I underestimated the impact of the INTL news when I wrote last evening's column, but the market has some fairly stringent guidelines for gaps such as this. If it starts to close within the first 15 minute of the day, then it will typically fill within the first couple of hours. If it holds, such as bases or pulls higher, then the gap will have significantly lower odds of closing and trend days in the direction of the gap become more likely. Since this particular gap was also off that 60 minute support zone we had been looking at over the past couple of days, it made it even easier for the market to hold up once the initial opening trade action had passed.

After slight upside at the open, the market headed a little higher after the first 15 minutes, but then fell into a trading range along the highs for half an hour. The 10:15 ET correction period held and the indices broke sharply to new intraday highs. This was the strongest move of the session, but the momentum slowed between 10:30 and 11:00 ET. The 11:00 ET correction period held in the S&P 500 ($SPX) and Dow Jones Industrial Average ($DJI), but the Nasdaq Composite ($COMPX) continued to push to new highs intraday.

From 11:00 to 12:00 ET, the S&P 500 and Dow corrected by falling quickly off highs for several minutes and then hugged support, creating a small 5 minute Avalanche pattern into noon. This resulted in a two-wave pullback for a continuation buy setup in the to the early afternoon. The market again moved to new highs, albeit barely, into 12:30 ET before falling into a larger correction throughout the rest of the first half of the afternoon.

Market volume was high on Wednesday, but it declined somewhat as the indices pulled back, forming a series of tiny bear flags into 14:30 ET. The gentle pace and the lighter volume, in addition to the 15 minute 20 period simple moving average support created the high probability that the market would hold its bias and remain bullish into the close.

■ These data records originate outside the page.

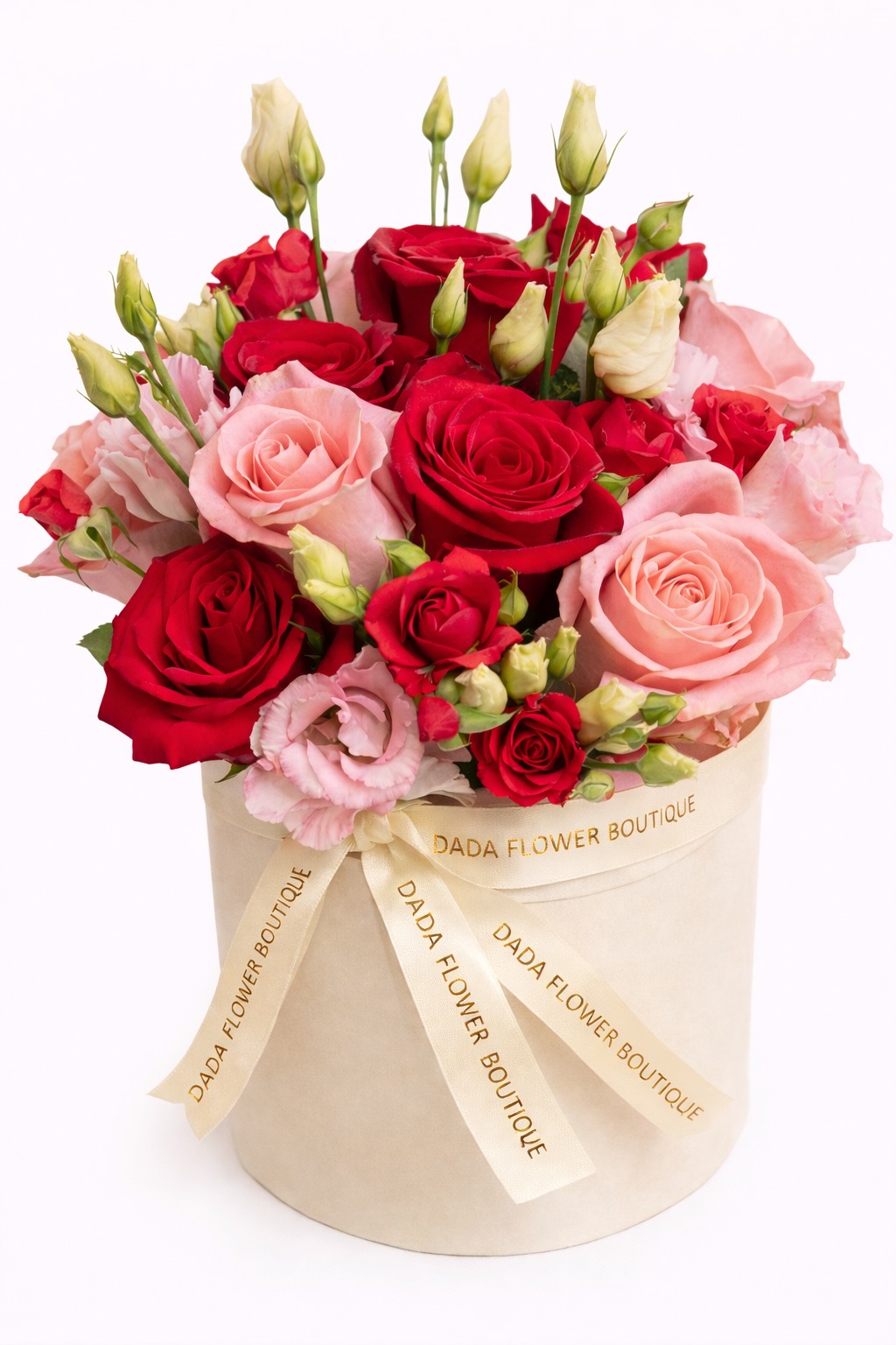 Un aranjament floral elegant și romantic realizat în cutie catifea, în nuanțe calde de roșu și blush, potrivit pentru declarații de iubire, aniversări sau momente în care vrei să impresionezi fără cuvinte.
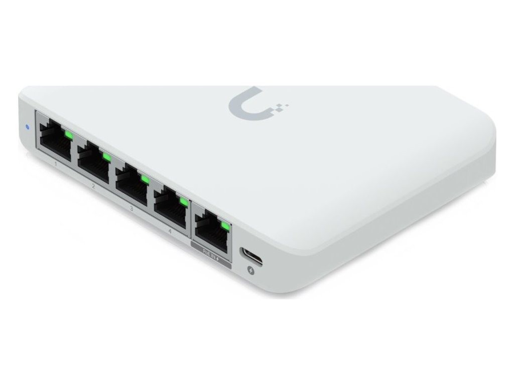 Ubiquiti UniFi Switch Flex Mini 2.5GUniFi Switch Flex Mini 2.5G je osazen pěti 2,5G RJ-45 porty. Jedná se o L2 switch s celkovou kapacitou 25 Gbps a ryhlostí směrování 18,6 Mpps. Switch lze napájet buď přes USB-C konektor, nebo pomocí PoE.
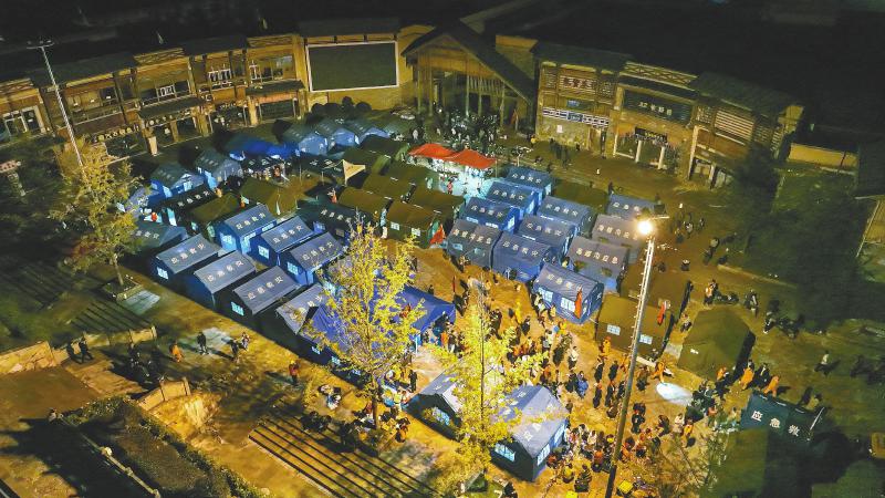 5日傍晚,甘孜州瀘定縣磨西鎮,臨(lin) 時安置點的燈亮了;雅安市石棉縣新民鄉(xiang) ,抗震救災指揮部的燈也亮了。
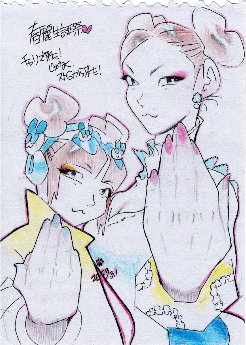 #格ゲーキャラ描こうぜ #春麗 #Chunli #キャミィ #Cammy #ストリートファイター #StreetFighter 夏は肌見せ服のキャラが見たい! 鉛筆&マジックペン&色鉛筆&コピックな、アナログ絵のキャミィさんと、春麗さんです!
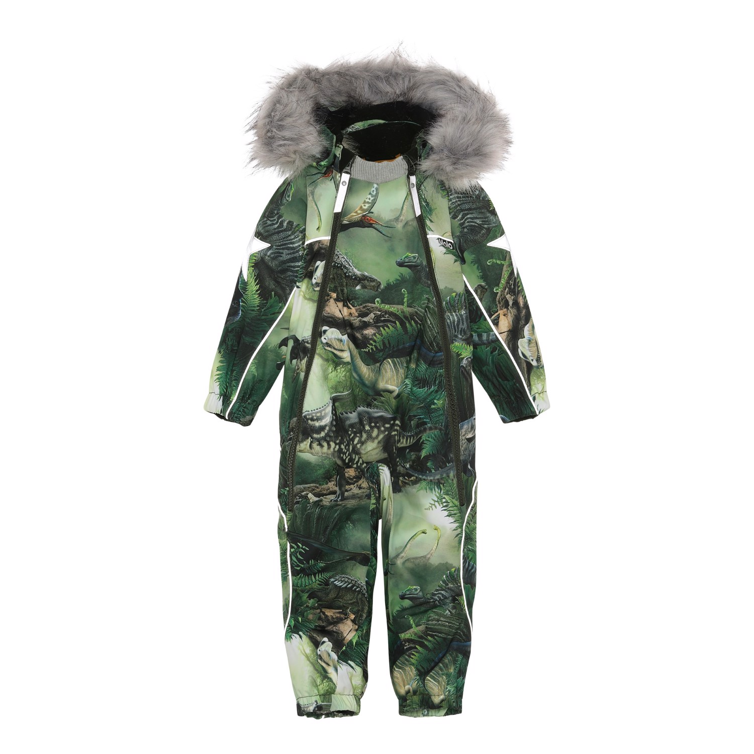 Pyxis is een groene functioneel skipak voor baby's en kleine kinderen met een dinosaurusprint. Pyxis is perfect voor extreem koude dagen maar ook voor gewone winterdagen. Het hoog ademend vermogen helpt bij het reguleren van de lichaamstemperatuur van het kind, zodat het niet te koud of oververhit raakt. Op warmere winterdagen kan het kind een dunne onderlaag dragen en op extreem koude dagen kan je een extra laag aantrekken. Ook voor minder actieve momenten is Pyxsis een goede keuze. Het heeft een afneembare capuchon, twee schuine ritsen voor gemakkelijk aankleden, sneeuwflappen aan de pijpen en rubberen bandjes. Pyxis heeft Molo's iconische sterreflectoren op de bovenmouwen en op de achterkant van de pijpen. Het skipak is wind-, waterdicht en ademend. De buitenstof is gemaakt van 45% gerecycled polyester, de 3M™ Thinsulate™ voering is gemaakt van 83% gerecycled polyester en de binnenstof is gemaakt van 100% gerecycled nylon. Het skipak heeft getapete naden. Dit product heeft een waterbestendige, PFC-vrije oppervlaktebehandeling (Bevat bijvoorbeeld geen PFOS, PFOA, etc). Waterkolomdruk: 15.000 mm. Ademend: 15.000 g/m2/24u.
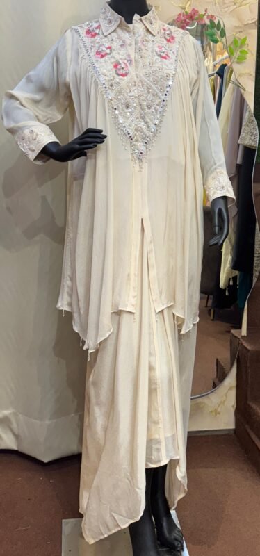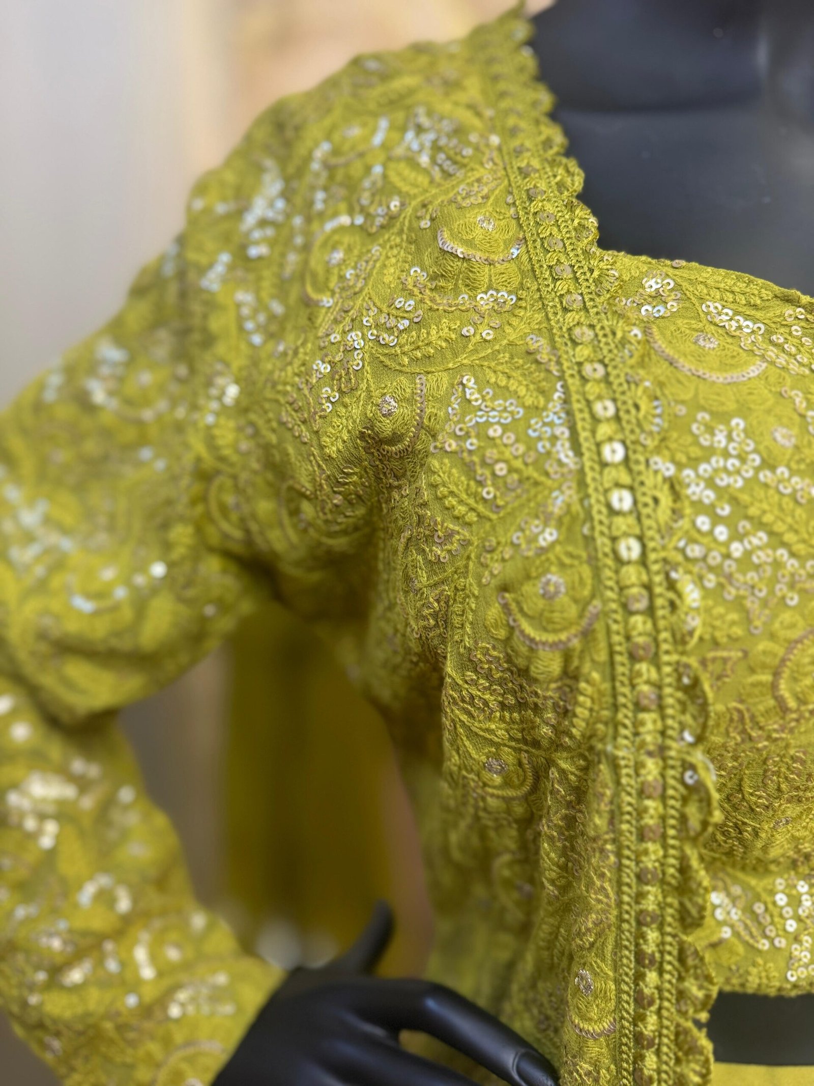 Step into contemporary elegance with this 3-piece indo-western ensemble crafted in flowy georgette. The set features a delicately embroidered crop top paired with wide-leg palazzo pants, layered with a matching open jacket adorned in intricate sequin and thread embroidery. The vibrant pop green hue adds a fresh, festive appeal, making it an ideal choice for celebrations, mehndi functions, or modern festive gatherings. Designed to balance comfort with statement style, this ensemble is perfect for those who love effortless glamour.
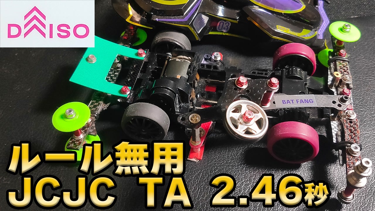 ルール無用jcjcタイムアタックの動画です。ダイソーのポケットカーのバットファングを使用し挑戦しました<br><br>前回の動画はこちらから<br>超偏重心ローラーはコーナーを強力に加速させる【ルール無用JCJCタイムアタック】イタリアンスペシャル 2号<br><a href="https://www.nicovideo.jp/watch/sm41851847" target="_blank" rel="noopener nofollow">https://www.nicovideo.jp/watch/sm41851847</a><br><br><br>ツイッター<br><a href="https://twitter.com/kagamimocheese" target="_blank" rel="noopener nofollow">https://twitter.com/kagamimocheese</a><br>支援物資<br><a href="https://www.amazon.jp/hz/wishlist/ls/1INU2H09H0754?ref_=wl_share" target="_blank" rel="noopener nofollow">https://www.amazon.jp/hz/wishlist/ls/1INU2H09H0754?ref_=wl_share</a><br><br>この動画はゆっくりムービーメーカーで作成されています。<br><br>動画に使用している音声は<br><br>しろ役として VOICEVOX:ずんだもん<br>みかん役として VOICEVOX:四国めたん<br><br>を使用して制作しました。
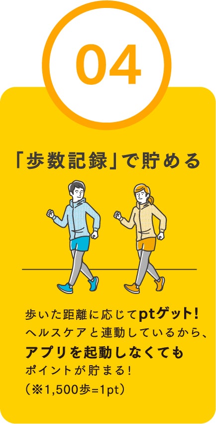 「来館」や「歩数記録」など全6つのシチュエーションでポイントが貯められます。
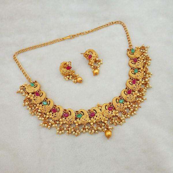 ชุดเครื่องประดับชั้นดี shubham หินทองแดงสีน้ำตาลและสีเขียว pota Necklace-FBK0030A
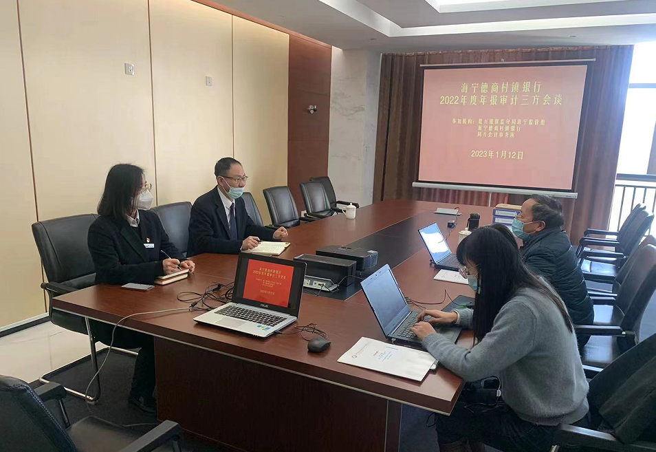 1月12日下午,海宁德商村镇银行、嘉兴银保监分局海宁监管组、浙江同方会计师事务所审计组开展了2022年度年报审计三方会谈,会议由海宁德商何成松副行长主持,海宁监管组卢杨副主任、同方会计师事务所派驻2名审计人员以及海宁德商合规与风险管理部总经理和审计科科长参加了此次会谈。
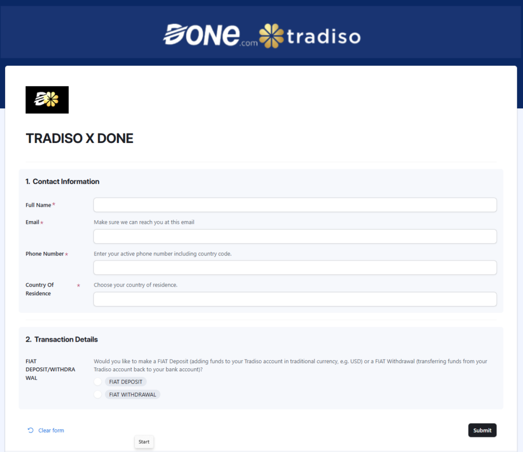 Step 7: To begin your withdrawal request, click the link below and complete Done.com’s FIAT Withdrawal form: TRADISO X DONE FIAT FORM
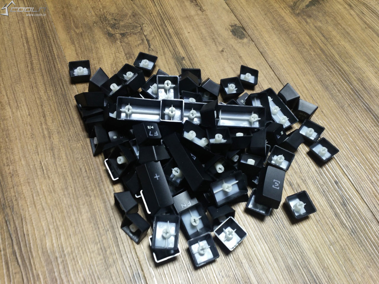 2. 탭키의 체결 상태가 반대로 되어 있었습니다. - 내부를 열기 위해 키캡을 다 뽑았다가 다시 체결하는 과정에서의 실수.
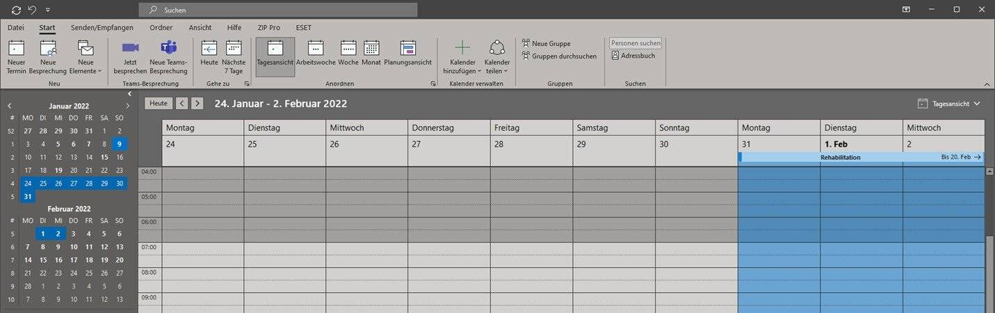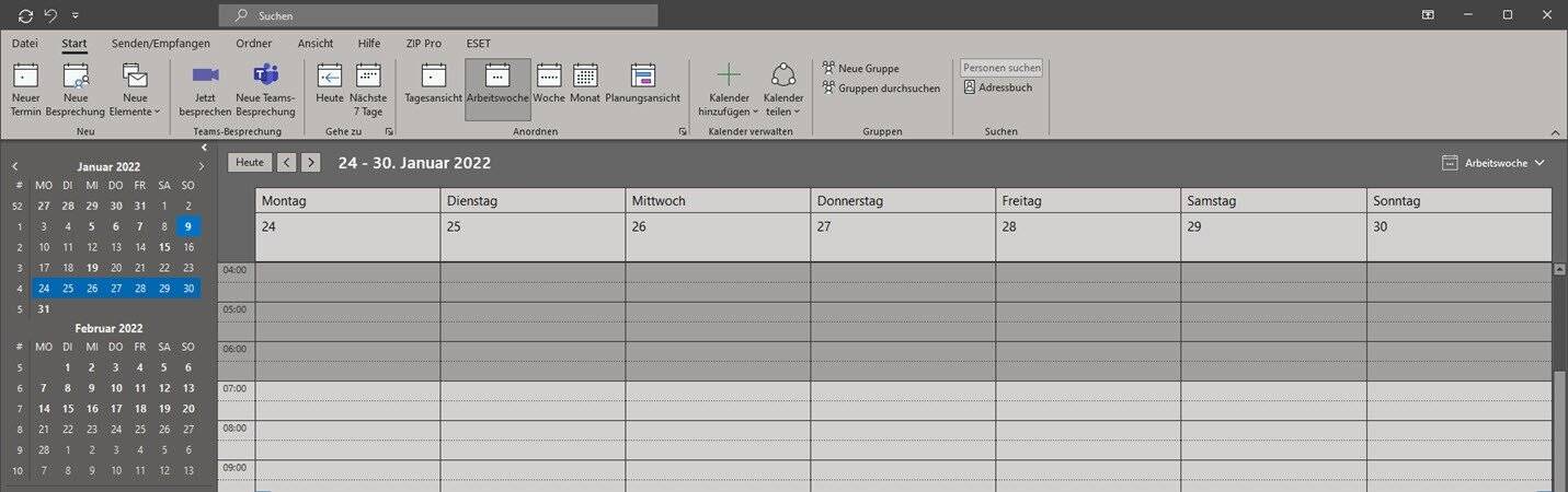 Die erweiterte Ansicht wird im Outlook-Kalender mit der Tastenkombination Alt + 0 aktiviert.
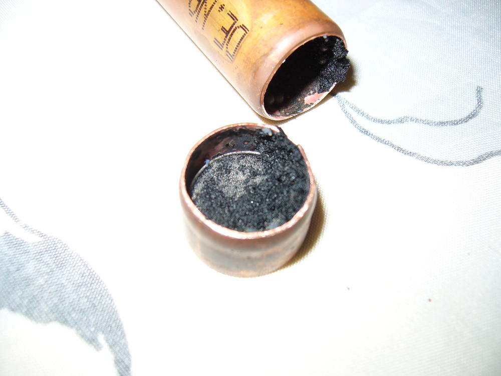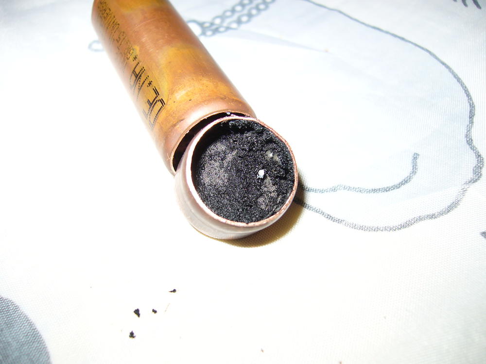 Разрезал фильтр. Весь чёрный циолит и спрессованный в камень.
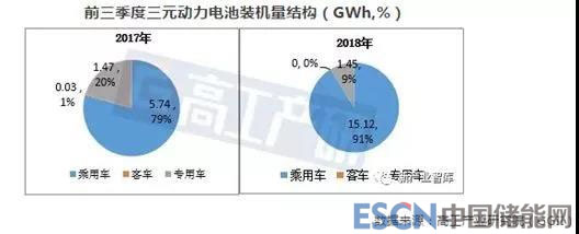 GGII數(shù)據(jù)顯示,在三元動力電池下游終端結構中,2018年前三季度乘用車裝機量占比91%,較去年同期占比上升12個百分點。
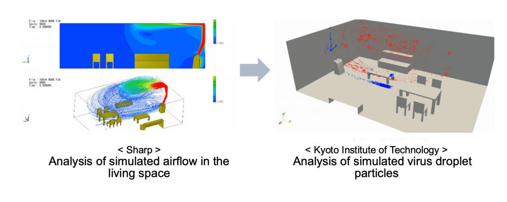 They also calculated the speed and direction of the airflow of air conditioners and air purifiers and analyzed its movement in a living space under simulated usage. Yamakawa analyzed the movement (collection to equipment, adhesion to the surroundings) when virus droplets were released. Here’s a model of Sharp’s simulation together with Professor Yamakawa’s analysis.
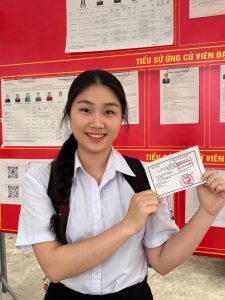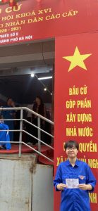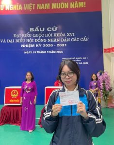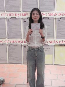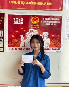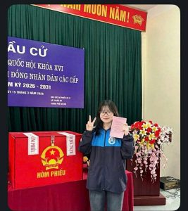 Chân thành cảm ơn các bạn đoàn viên đã chia sẻ hình ảnh tự hào trong ngày bầu cử: Đỗ Khánh Linh 2531A01, Hoàng Thị Thuyết 2231A01, Kim Thị Ngọc Anh 2531A01, Lê Thục Uyên 2332A01, Lương Vũ Gia Bách, 2332A01, Nguyễn Anh Đức 2531A01, Nguyễn Phạm Thu Trang 2532A01, Nguyễn Thị Ngọc Bích 2532A01, Nguyễn Thị Quỳnh 2532A02, Nguyễn Thị Quỳnh Như 2531A02, Nguyễn Văn Bình An 2532A01, Nguyễn Văn Đạt 2531A02, Phạm Minh Ngọc 2531A02, Phạm Ngọc Tuân 2332A02, Phạm Thị Thanh Thảo 2531A02, Phạm Thu Ngân 2532A01, Phan Thị Kiều Ngọc 2532A02,Tạ Hoàng Minh 2332A02, Trần Ngọc Anh 2532A02, Trần Thị Ngọc Ánh 2532A02, Trịnh Minh Khuê 2332A02, Trịnh Yến Nhi 2432A02, Văn Tiến Thảo Nguyên 2532A01, Vũ Ngọc Chi 2532A01, Vũ Phương Trang 2331A01
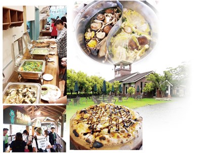 園中規劃有戶外小食區,逛累了可以吃吃蔬食臭豆腐、燒冷怪(冰品)、及人氣招牌食品經典瑪格麗特披薩等,張嘉誠推廣健康蔬食30年多年,園區「百食繪」自助蔬食餐廳,採開放式廚房,提供百道以上健康蔬食,從食材到醬油等,完全天然無添加化學物品,並推出五行養生鍋物Buffet吃到飽,以自種的有機野菜健康蔬食、港式點心、甜點、特色料理等健康蔬食,讓大家在河岸邊享受美食與美景。

The indices formed a small congestion after breaking the gradual downtrend along the 5 minute 20 sma. This broke at 15:00 ET, first leading the market to a retest of the afternoon highs and then pushing through them. The S&Ps took over the lead, while the Nasdaq faltered somewhat in the final 30 minutes of trade. All three indices, however, closed near the intraday highs and the index futures busted through those levels following the closing bell.

The Dow gained 256.80 points on Wednesday, or 2.1%. It closed at 12,619 with 28 of its 30 components in positive territory. The S&P 500 rose 30.28 points, or 2.3%, and closed at 1,364. The Nasdaq Composite advanced 64.07 points, or 2.8% and closed at 2,350. The Russell 200 outpaced them all, rising 21.33 points, or 3.08%, to close at 713.21. I am expecting the market to continue to push higher in Thursday's session with the highs from the 7th serving as strong resistance. If the market moves higher in the morning, however, it will have a difficult time continuing into the afternoon, so a correction on a 30 minute time frame would then be something to look out for. If it opens relatively unchanged, pulling back again in premarket trading, then it can congest throughout the morning and break higher into the afternoon.